For showing off skills the term is 'Pradarshan'.

apni kala ka pradarshan karna.

To show off one's skills


----------



## shaloo

Nice efforts by all... Another way, in simple words:

You could just say "dikhaana" which translates to "showing somebody something"
eg:

woh dikhaana chahti hain - she wants to show/ she wants to show off

(Here, the meaning could be plain, as in she wants to show something, in a very natural way... and it could mean she wants to show off something she possesses, in pride or in an unnatural way... it quite depends on the context, intonation and the intention of the speaker... the meaning is understood just by the way you say it!)


----------



## omlick

albondiga said:


> Hi all,
> 
> What words or phrases are used in Hindi to express the concept of "showing off"? (Or, as the dictionary says, "to seek to gain attention by displaying prominently one's abilities or accomplishments"...)
> 
> [The closest I've encountered before is शेखी बघारना , which seems to mean "bragging" or "boasting" with words, but I assume cannot be used for someone "showing off" with their actions, right? related side question: can बघारना be used with anything besides शेखी? I've never heard it in other contexts...]
> 
> Anyway, I don't have any specific context, but if someone's showing off their athletic skills or musical skills or whatever, how would you say to them that they are showing off?
> 
> 
> 
> 
> Thanks!


 
In my database I have this:  अपनी धाक जमाना  

So if someone is showing off in front of you and it is getting obnoxious I guess you can say to them:  apnii dhaak jamaanaa ba.nd karo!

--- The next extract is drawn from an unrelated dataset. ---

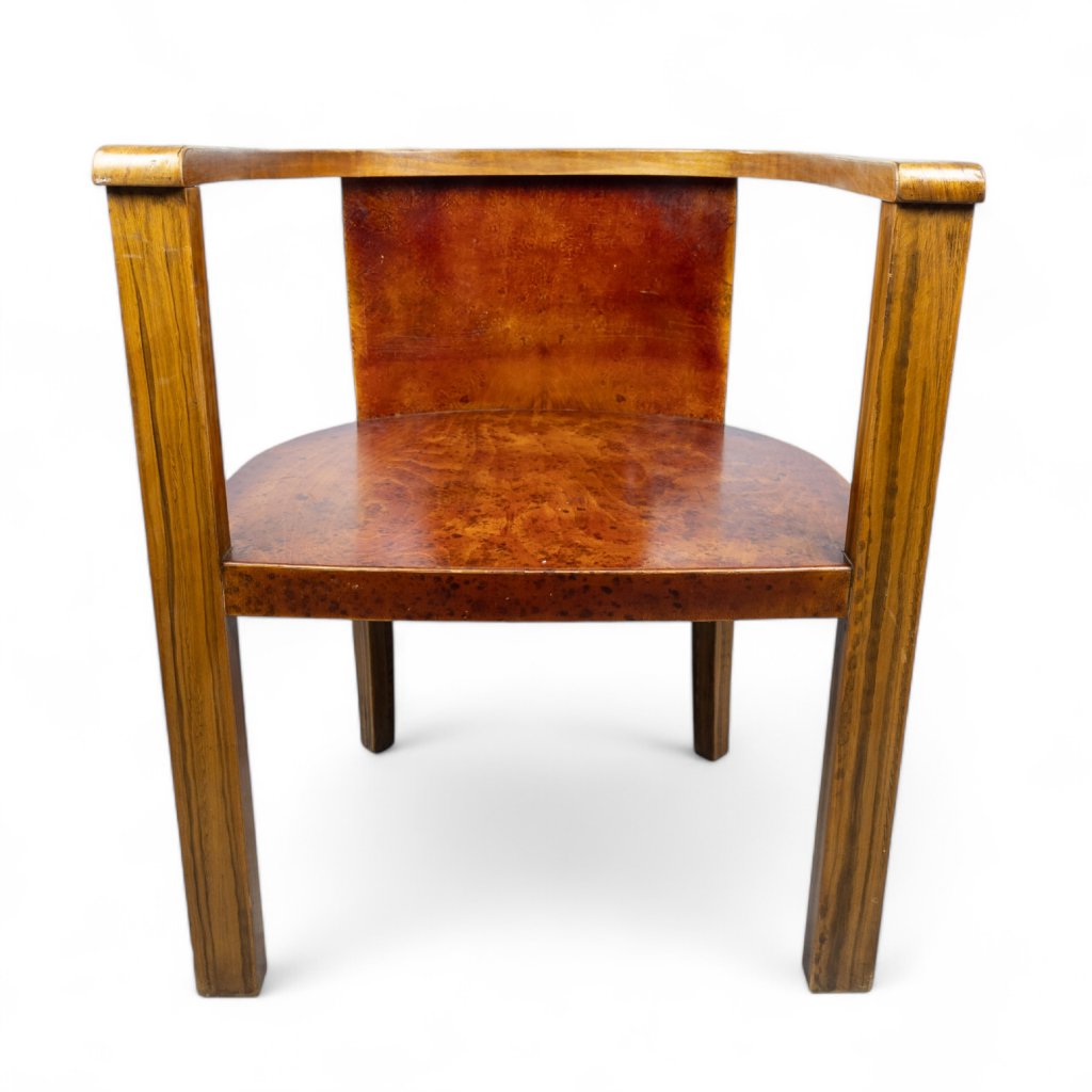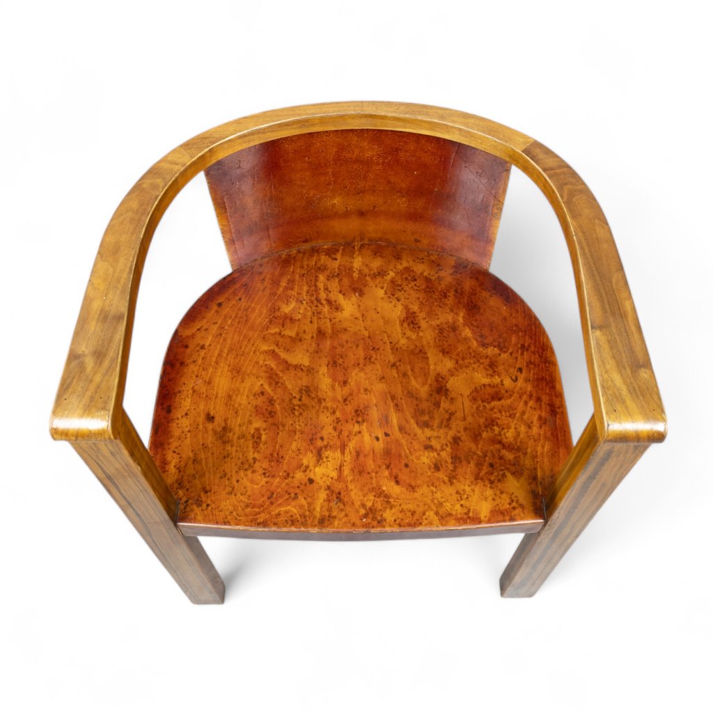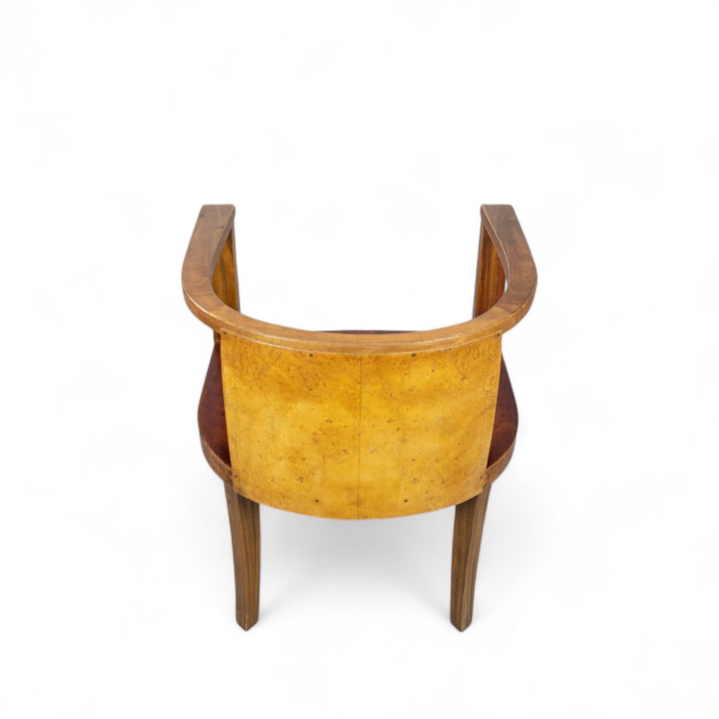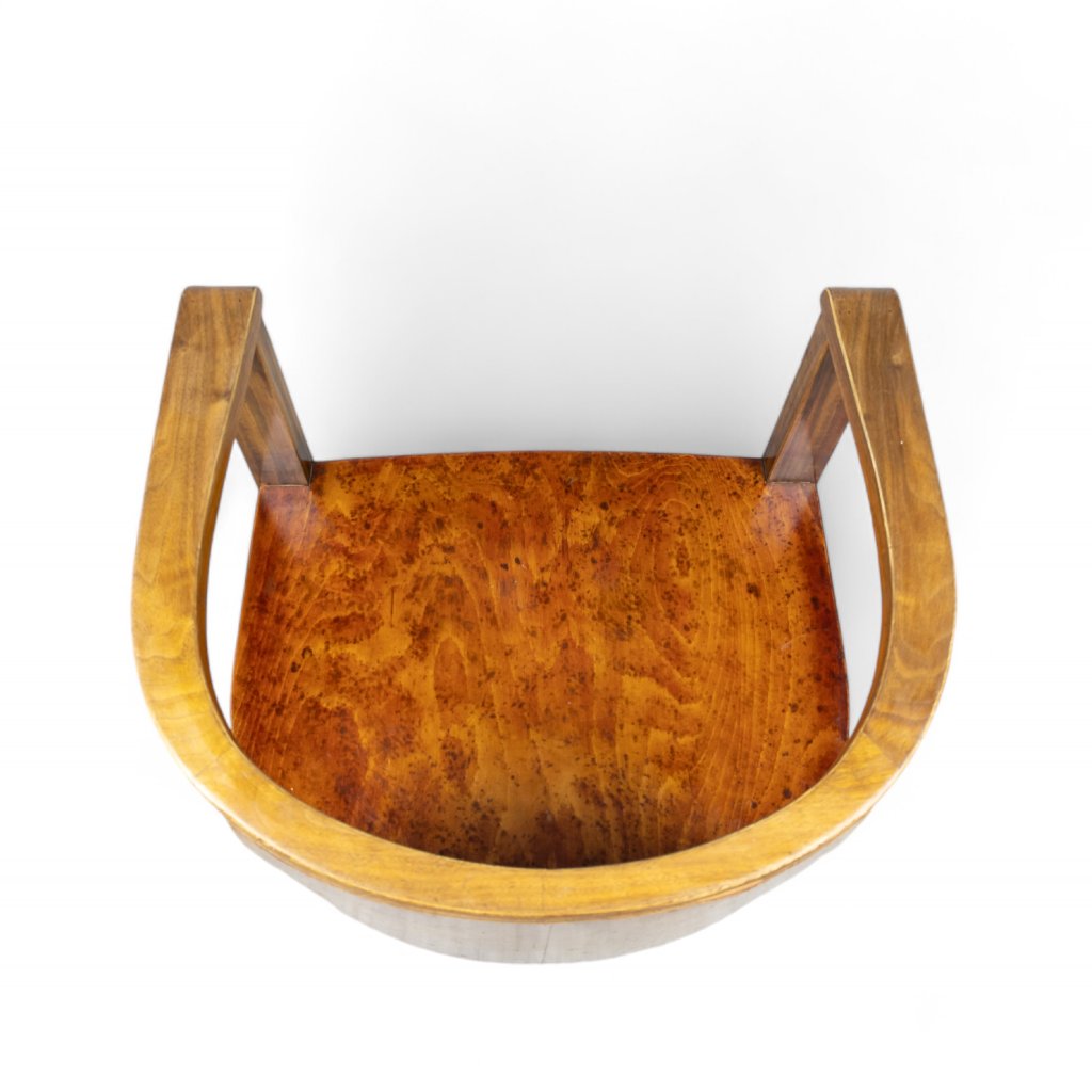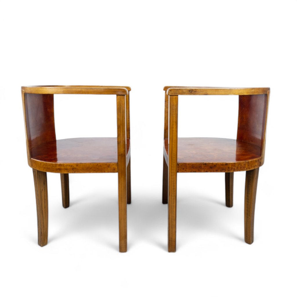 Crafted from solid oak and walnut burl-veneered plywood, this pair is in very good original condition, featuring a beautiful patina. Structurally sound. The dimensions are: height 70 cm, seat height 40 cm (without cushion), width 69 cm, and depth 49 cm.

(I collect expressions just for fun, and this is just one that I collected and "to show off" is its translation into English.  )


----------



## albondiga

Thanks all!

I think _aadambar _sounds like a great fit (that covers the "attention-seeking" aspect), but I will have to listen out for it being used in context by other people before I would be comfortable using it myself.  

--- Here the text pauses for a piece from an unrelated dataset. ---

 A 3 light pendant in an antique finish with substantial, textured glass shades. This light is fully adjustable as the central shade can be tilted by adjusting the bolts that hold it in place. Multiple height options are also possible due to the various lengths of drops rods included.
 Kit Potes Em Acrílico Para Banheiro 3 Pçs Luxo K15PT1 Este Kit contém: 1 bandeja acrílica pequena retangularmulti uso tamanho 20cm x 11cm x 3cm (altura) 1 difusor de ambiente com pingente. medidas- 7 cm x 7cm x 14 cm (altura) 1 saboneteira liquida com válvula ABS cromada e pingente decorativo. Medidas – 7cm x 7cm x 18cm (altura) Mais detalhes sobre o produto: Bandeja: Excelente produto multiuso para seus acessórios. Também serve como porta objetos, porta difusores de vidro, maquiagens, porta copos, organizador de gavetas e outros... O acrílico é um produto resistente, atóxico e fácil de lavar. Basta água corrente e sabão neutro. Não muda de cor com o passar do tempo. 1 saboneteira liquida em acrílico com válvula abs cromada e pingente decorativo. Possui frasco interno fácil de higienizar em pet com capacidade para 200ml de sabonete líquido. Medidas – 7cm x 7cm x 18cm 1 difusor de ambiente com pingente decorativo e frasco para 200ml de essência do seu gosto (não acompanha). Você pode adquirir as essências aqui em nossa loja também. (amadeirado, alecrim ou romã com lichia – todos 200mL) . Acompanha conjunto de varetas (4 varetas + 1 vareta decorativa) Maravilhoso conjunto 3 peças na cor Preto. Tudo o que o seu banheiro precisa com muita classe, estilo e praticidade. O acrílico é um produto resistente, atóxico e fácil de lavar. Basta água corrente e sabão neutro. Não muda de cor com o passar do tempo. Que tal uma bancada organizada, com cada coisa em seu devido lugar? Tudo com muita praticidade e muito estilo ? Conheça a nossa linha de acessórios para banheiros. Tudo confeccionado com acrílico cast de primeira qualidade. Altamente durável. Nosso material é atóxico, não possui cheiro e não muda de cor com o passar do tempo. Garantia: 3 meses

Otherwise, I agree with you, shaloo, using an otherwise neutral word like _dikhaanaa _or _pradarshan karnaa_ with the right (sarcastic ) tone is a good idea for now...


----------



## cweeetguy2000

omlick said:


> In my database I have this:  अपनी धाक जमाना
> 
> So if someone is showing off in front of you and it is getting obnoxious I guess you can say to them:  apnii dhaak jamaanaa ba.nd karo!
> 
> 
> 
> (I collect expressions just for fun, and this is just one that I collected and "to show off" is its translation into English.  )



Actually अपनी धाक जमाना  is used when one is being too dominant on issues or while competing he/she has decimated the opposition.


Regards


----------



## BP.

I think pradarshan is only appropriate for 'to present', not for 'to show off'.

Could someone please break down the word aadambar for me? What are its roots?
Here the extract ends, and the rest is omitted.